Из-за полок отозвался дребезжащий старческий голос.
– Сейчас-сейчас! Иду-иду!
Шаркая растоптанными туфлями, на свет вышел высокий худой старик.
– Здравствуйте, господин офицер, – слегка поклонился он.
Кириллу бросился в глаза контраст между седой головой, морщинистым лицом и крепкой загорелой шеей. В пронзительном взгляде ни капли старческой немощи. Молодые и цепкие глаза осмотрели Кирилла с головы до ног.
– Я не офицер, – поправил Кирилл.
– Не прибедняйтесь, молодой человек, вам это не идет, – в глазах старика заплясали чертики. – Я пожил на этом свете и, когда вижу офицера, так и говорю.
– Здравствуйте, дядя Конрад! – спохватился Кирилл. – Я очень рад вас видеть!
– И я рад тебя видеть, Кирилл! Ну-ка, познакомь меня со своей очаровательной спутницей!
Кирилл представил Хелен. Старик поклонился и торжественно поцеловал Хелен руку.

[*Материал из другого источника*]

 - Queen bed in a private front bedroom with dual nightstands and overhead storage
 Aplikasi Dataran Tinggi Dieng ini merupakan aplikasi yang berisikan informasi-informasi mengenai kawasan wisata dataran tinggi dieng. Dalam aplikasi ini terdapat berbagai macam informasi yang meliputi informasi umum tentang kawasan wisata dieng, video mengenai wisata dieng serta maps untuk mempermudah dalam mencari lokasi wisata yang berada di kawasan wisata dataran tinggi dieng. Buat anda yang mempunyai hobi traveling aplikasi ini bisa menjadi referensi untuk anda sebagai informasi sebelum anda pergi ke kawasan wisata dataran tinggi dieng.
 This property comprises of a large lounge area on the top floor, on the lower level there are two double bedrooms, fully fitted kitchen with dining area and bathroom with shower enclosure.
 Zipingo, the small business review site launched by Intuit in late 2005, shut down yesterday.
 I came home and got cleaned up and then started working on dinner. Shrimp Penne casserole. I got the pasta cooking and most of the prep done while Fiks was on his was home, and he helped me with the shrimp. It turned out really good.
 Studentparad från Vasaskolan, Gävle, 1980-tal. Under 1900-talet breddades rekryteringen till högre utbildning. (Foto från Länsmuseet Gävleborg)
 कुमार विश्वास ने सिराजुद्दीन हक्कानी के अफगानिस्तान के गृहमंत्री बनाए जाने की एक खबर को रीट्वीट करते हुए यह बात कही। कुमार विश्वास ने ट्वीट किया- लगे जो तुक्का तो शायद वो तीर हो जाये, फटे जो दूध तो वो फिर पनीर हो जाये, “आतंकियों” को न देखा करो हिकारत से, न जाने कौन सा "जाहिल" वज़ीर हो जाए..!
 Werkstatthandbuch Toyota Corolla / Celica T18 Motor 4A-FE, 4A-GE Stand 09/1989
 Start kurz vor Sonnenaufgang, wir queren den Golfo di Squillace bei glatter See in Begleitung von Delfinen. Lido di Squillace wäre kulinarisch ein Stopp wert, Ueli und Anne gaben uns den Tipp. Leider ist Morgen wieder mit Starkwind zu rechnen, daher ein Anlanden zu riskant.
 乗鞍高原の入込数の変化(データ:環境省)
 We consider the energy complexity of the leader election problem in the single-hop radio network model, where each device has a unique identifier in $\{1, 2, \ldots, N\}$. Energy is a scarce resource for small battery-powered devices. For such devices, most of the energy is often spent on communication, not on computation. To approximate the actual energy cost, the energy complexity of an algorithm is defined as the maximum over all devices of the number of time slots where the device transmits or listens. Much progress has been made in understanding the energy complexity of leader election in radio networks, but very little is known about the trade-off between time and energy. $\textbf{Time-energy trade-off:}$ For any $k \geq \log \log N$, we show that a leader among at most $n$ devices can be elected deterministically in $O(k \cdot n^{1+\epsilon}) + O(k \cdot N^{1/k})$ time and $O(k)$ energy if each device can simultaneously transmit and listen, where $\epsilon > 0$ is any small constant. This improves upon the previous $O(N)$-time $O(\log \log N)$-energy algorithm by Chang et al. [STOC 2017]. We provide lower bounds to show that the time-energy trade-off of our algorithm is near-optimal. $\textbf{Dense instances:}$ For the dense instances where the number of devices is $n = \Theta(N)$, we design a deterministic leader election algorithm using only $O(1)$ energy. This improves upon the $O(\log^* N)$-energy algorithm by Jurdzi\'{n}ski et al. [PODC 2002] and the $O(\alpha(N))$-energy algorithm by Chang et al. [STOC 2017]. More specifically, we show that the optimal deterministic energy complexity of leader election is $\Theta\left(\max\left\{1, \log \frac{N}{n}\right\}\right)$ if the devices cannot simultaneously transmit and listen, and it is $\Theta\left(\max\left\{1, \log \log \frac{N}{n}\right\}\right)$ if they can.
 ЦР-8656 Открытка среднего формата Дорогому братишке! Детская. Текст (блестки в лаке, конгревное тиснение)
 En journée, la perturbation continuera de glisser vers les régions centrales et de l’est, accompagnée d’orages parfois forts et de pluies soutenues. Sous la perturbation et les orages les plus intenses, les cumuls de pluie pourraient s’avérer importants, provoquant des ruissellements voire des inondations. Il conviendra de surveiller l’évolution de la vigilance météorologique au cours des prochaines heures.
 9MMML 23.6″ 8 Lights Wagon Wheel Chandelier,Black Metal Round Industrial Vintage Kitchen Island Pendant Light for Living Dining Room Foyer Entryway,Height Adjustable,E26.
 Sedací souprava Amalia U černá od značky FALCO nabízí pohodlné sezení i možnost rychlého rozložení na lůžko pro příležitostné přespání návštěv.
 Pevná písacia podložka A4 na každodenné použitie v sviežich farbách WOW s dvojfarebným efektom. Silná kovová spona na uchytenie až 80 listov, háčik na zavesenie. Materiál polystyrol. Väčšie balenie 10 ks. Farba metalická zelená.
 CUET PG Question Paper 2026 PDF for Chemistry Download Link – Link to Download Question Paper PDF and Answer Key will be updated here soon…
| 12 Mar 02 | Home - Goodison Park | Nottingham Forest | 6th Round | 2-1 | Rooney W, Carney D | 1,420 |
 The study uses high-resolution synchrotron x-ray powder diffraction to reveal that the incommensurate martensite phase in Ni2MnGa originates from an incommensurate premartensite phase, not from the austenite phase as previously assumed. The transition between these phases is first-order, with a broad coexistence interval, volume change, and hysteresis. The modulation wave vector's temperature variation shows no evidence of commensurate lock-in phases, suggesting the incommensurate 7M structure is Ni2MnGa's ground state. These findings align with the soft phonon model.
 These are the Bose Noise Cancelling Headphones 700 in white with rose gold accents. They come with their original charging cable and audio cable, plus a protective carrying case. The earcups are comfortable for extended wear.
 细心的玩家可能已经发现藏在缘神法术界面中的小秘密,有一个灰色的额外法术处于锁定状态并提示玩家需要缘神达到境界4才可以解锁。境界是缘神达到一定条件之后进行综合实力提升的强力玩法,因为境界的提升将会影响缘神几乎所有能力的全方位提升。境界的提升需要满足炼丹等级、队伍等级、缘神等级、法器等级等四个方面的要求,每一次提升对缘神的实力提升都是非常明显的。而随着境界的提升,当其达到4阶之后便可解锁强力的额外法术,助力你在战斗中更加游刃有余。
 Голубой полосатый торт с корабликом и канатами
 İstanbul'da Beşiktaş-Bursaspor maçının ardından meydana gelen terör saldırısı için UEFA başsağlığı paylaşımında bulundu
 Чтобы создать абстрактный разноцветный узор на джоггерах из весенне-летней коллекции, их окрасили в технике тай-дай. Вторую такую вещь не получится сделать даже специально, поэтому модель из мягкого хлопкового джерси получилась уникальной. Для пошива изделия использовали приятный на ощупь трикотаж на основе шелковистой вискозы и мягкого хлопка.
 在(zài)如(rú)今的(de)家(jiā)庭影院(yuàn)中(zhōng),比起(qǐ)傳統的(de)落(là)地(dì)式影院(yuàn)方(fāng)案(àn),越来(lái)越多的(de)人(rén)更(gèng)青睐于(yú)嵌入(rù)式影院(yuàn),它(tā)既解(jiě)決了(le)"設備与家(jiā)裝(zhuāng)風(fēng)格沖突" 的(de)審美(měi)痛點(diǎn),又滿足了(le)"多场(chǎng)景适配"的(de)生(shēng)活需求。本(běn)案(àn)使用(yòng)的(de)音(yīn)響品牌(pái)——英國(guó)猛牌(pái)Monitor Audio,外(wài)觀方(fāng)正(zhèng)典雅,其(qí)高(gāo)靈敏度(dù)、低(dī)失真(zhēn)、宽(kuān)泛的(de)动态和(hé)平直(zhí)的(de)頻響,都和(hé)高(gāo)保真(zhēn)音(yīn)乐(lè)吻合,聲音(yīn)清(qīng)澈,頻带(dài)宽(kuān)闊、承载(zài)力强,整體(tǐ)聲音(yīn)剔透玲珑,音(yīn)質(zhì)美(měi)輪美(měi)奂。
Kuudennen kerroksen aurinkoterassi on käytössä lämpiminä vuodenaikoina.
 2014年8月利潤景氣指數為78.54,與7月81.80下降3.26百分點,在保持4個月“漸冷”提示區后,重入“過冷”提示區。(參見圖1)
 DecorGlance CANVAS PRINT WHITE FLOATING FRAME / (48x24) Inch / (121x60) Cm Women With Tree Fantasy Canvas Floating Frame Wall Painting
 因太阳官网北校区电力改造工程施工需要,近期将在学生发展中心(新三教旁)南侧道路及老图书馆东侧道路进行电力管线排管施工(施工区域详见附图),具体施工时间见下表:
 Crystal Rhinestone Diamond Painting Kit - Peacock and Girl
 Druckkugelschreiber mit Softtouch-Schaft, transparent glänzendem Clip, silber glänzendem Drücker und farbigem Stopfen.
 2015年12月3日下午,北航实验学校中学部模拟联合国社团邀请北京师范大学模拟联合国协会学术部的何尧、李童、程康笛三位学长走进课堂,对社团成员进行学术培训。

– Я есть очень рада знакомству, – смутилась Хелен.
– Вы не говорите по-русски? Ах, я старый дурак, – всплеснул руками хозяин и перешел на немецкий: – Я совершенно упустил из виду, что вы можете не знать русского. Я молю о прощении!
Кирилл прошелся вдоль полок, разглядывая корешки книг. Конрад взял Хелен под руку и увлек в глубь магазина.
– Давно ко мне не заходили столь прекрасные юные дамы! Я сделаю вам кофе, особенный кофе по особенному рецепту… О, вы не знаете, какой у меня кофе! Такой кофе когда-то умели варить только в Старом Яффо и в Праге, и то не во всех кофейнях!
Старик щелкнул переключателем. За полками обнаружился уютный уголок: несколько кресел вокруг круглого столика и торшер. Хелен села в кресло, чувствуя себя неловко: с чего вдруг такая честь? Но отказываться не стала, побоялась обидеть радушного хозяина. Букинист суетился вокруг нее, то наливая кофе, то пододвигая вазу с печеньем, то предлагая плед.
– Вы каждого клиента так встречаете? – удивилась Хелен.
– Сказать правду, у меня их почти нет, клиентов, а те, что есть, давно ко мне ходят и стали, не побоюсь этого слова, друзьями. Взять хотя бы Кирилла! Скажу вам по секрету, вам неимоверно, сказочно повезло с ним. Он тоже особенный, как его отец…
– Вы знали его отца? – подобралась Хелен.
– Знал ли я Готлиба фон Медема? О, мы были лучшими друзьями. Он был постоянным клиентом моей лавки. Круг по-настоящему интеллигентных людей стал очень узок в последние десятилетия. Чума, война… Так что нет ничего удивительного в том, что все мы в конечном итоге собрались в одном месте. Я доставал ему книжки для Кирилла. – Букинист многозначительно поднял палец. – Иллюстрированные русские сказки. Маленький Кирилл их очень любил.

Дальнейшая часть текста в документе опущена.